Information shown
******************************

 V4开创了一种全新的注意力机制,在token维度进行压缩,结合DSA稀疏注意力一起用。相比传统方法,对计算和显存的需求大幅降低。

******************************

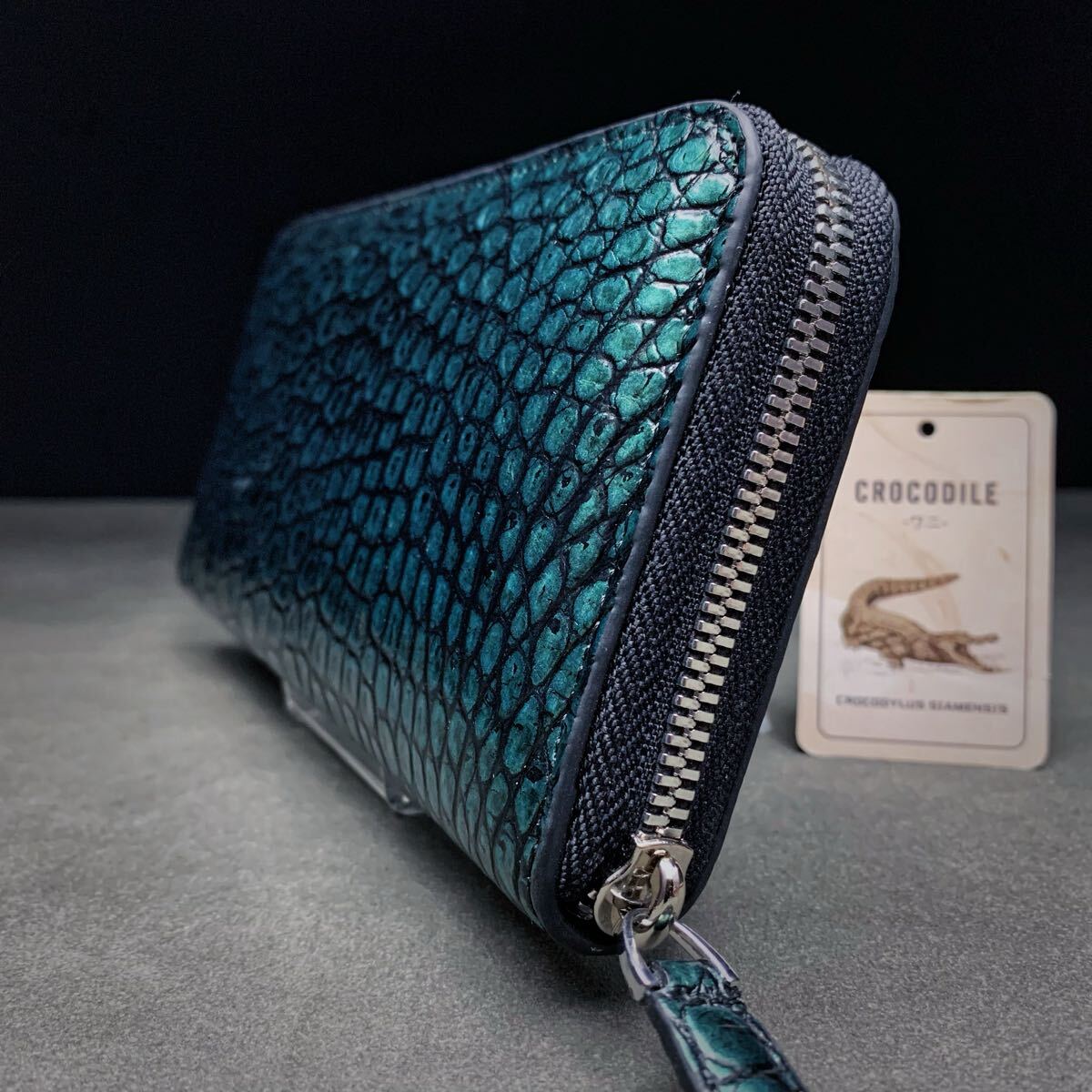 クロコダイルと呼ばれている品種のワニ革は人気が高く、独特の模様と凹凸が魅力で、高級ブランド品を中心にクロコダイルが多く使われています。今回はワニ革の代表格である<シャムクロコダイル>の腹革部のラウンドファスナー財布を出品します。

******************************

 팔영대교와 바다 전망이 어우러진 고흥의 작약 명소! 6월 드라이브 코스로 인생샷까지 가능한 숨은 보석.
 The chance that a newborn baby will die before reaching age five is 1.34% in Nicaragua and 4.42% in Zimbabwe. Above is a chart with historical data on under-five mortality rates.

******************************

What is being asked
Scan the listing above for the line that has "팔영대교와 바다 전망이", then copy exactly from that line through the line that has "The chance that".

Solution for this exercise
 팔영대교와 바다 전망이 어우러진 고흥의 작약 명소! 6월 드라이브 코스로 인생샷까지 가능한 숨은 보석.
 The chance that a newborn baby will die before reaching age five is 1.34% in Nicaragua and 4.42% in Zimbabwe. Above is a chart with historical data on under-five mortality rates.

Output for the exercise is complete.